Now there were supposed to be 150 of these arrangements around the country, they were encouraged under the National Service Framework for Mental Health, and after the HO funding ran out, local purchasers were encouraged to adopt these practices as a standard part of their mental health provision. Unfortunately reports by NACRO looking at the efficacy of these schemes across the country show that over the past few years the number has declined, the resources put into them have declined, and the picture is one of a system that is declining rather than expanding.

 

Now I first came and talked to this group, I was reminded, 10 years ago about these matters. And I’m disappointed that in the interim nothing much has happened to improve things. However they remain a cost effective and mechanically very effective way of increasing identification of mental illness and avoiding people being remanded into custody in the first place. They should become a standard part of ordinary psychiatric provision. But we now find that PCTs see them as the soft option: somewhere to make cuts. So unfortunately unless there is encouragement from the centre these effective mechanisms will be on the wane”.

 

Lord Ramsbotham thanked Dr James for his presentation.  He well remembered that, when Chief Inspector of Prisons, he had tried to find out how many diversion schemes were in operation and he couldn’t get the information from the NHS, or from the courts, or from the police. Eventually he got it from the then National Schizophrenia Foundation, who were the only people who were gathering information – not wholly complete but at least they were making an attempt.

 

Lord Ramsbotham then introduced the third speaker, Janice Webb, mother of a mentally ill prisoner who had committed suicide in prison, and said how much her attendance was appreciated.  He recalled that, when preparing a report called Suicide is Everyone’s Concern, he had spent the day with ten families who had gone through this experience. It was a day he would never forget.

.

Janice Webb began: “My son lies under a grave stone.  He died by suicide in HMP Manchester, suffocated by a plastic bag while alone in a segregation unit.  He was 33 years old.

 

13 years before his death in Manchester Prison Richard had graduated from Manchester University with a first class degree in physics.  Sadly at the age of 22 while studying for a PhD in astrophysics he suffered a nervous breakdown.  It began with serious suicide attempts – including setting himself on fire, resulting in serious burns and 6 weeks of treatment and skin grafts in a burns unit.  Schizophrenia was diagnosed soon after this. 

 

From this time on, Richard was seriously disabled by his mental illness.  He spent the next 10 years in and out of psychiatric wards in Newcastle – sectioned for months and years at a time.

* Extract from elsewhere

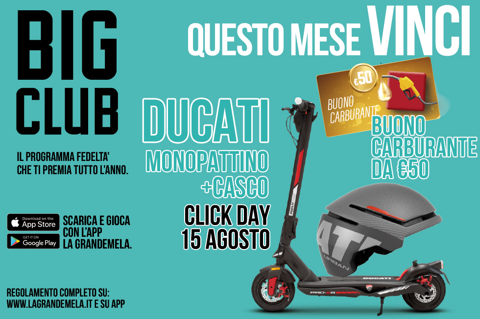 E il 15 agosto partecipa al Click Day per vincere 1 monopattino Ducati + casco!
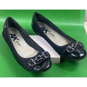 The Anne Klein Sport Women's 8M Alexa Slip-On Flats in black are a stylish and versatile option for various occasions. With a solid pattern and round toe shape, these slip-on flats are perfect for travel, weddings, parties, casual outings, workwear, and business meetings. The scuff on the left toe adds a unique touch to these man-made flats, making them perfect for those who want to showcase their individuality in their footwear choice. The slip-on style and comfortable shoe width make these flats convenient and comfortable for all-day wear.

The suicide attempts continued and he became increasingly dependent on alcohol as a means of self medicating.  Alcoholism and mental illness are a common dual diagnosis. 

 

Mental illness is no respecter of background or intelligence.   Richard’s background was middle class. He was a bright, able, highly educated young man. How did a highly intelligent young person with a long and well documented history of serious mental illness end his days in prison?   Our society is failing many vulnerable mentally ill people who cannot cope with living alone.   The long term mental hospitals or asylums (here we should not lose sight of the fact that ‘asylum’ means ‘place of safety’) were closed following the introduction of modern anti psychotic drugs.  The care provided by the asylums has not been adequately replaced.  There is no longer a place of safety for people like my son.

 

When he was very ill Richard was an inpatient and safely cared for in a hospital environment.  With specialist care and modern drug treatment he would reach a stage when he was considered ready to leave the acute ward.  He would then be discharged home with a written care plan in place.  In reality the care plan provided him with a one hour visit per day from a health care worker.  He lived alone in a council flat. He was often anxious, lacking in motivation, with disrupted sleep patterns and a serious drink habit.  Social isolation and the effects of stigma and fear by his local community increased his fragile mental state.  

 

There were numerous attempts at rehabilitation and care in the community but the options available for the care of the mentally ill with an addiction are woefully lacking.  Vulnerable mentally ill people are often without sufficient support.  Their disordered and chaotic thinking often results in arrest.  I will describe to you how Richard was arrested.

 

Richard lived in Newcastle – there he was well known to the mental health services.   Any incident would be dealt with by his care team and would usually result in hospital admission.    A few months before his arrest he met and began visiting a girlfriend at her Manchester home.  During this time he was drinking excessively and smoking cannabis.  While in Manchester he purchased a replica Beretta airpistol.   He was fascinated by guns and the idea of suicide by shooting.  He threatened to shoot himself during a phone conversation with his sister.  She called the police as she was in fear for his safety.   My daughter explained  that her brother was mentally ill and threatening suicide.  She asked the police to remove the gun safely from him and to keep her informed of the outcome.  They did not - and we thought he would be safe in a psychiatric unit.  Richard had no history of violence and had only ever harmed himself.

 

Five days later we discovered that Richard had resisted arrest and in a struggle the gun was discharged twice.  Richard was taken to a police station and from there to HMP Manchester.  Following his arrest there appear to have been no systems in place to give Richard appropriate care.   His psychiatric history in Newcastle was not investigated – despite the information provided by his sister.  There were serious breakdowns in communications between Manchester and Newcastle. He was not given a list of mental health specialist solicitors.  The criminal justice system was unable to recognise his mental disorder and to respond to it appropriately.

 

Government policy is to promote the diversion of mentally ill offenders from the criminal justice system to health or social services at the earliest opportunity.  This  diversion scheme was not in place at the Manchester court . For whatever reason: lack of hospital beds, poorly informed lawyers, pressure on the system, communication failures, poorly trained judges, lack of funding – Richard was entirely failed by this “policy”.

 

Once in the prison system – there was nothing we as a family could do for Richard. 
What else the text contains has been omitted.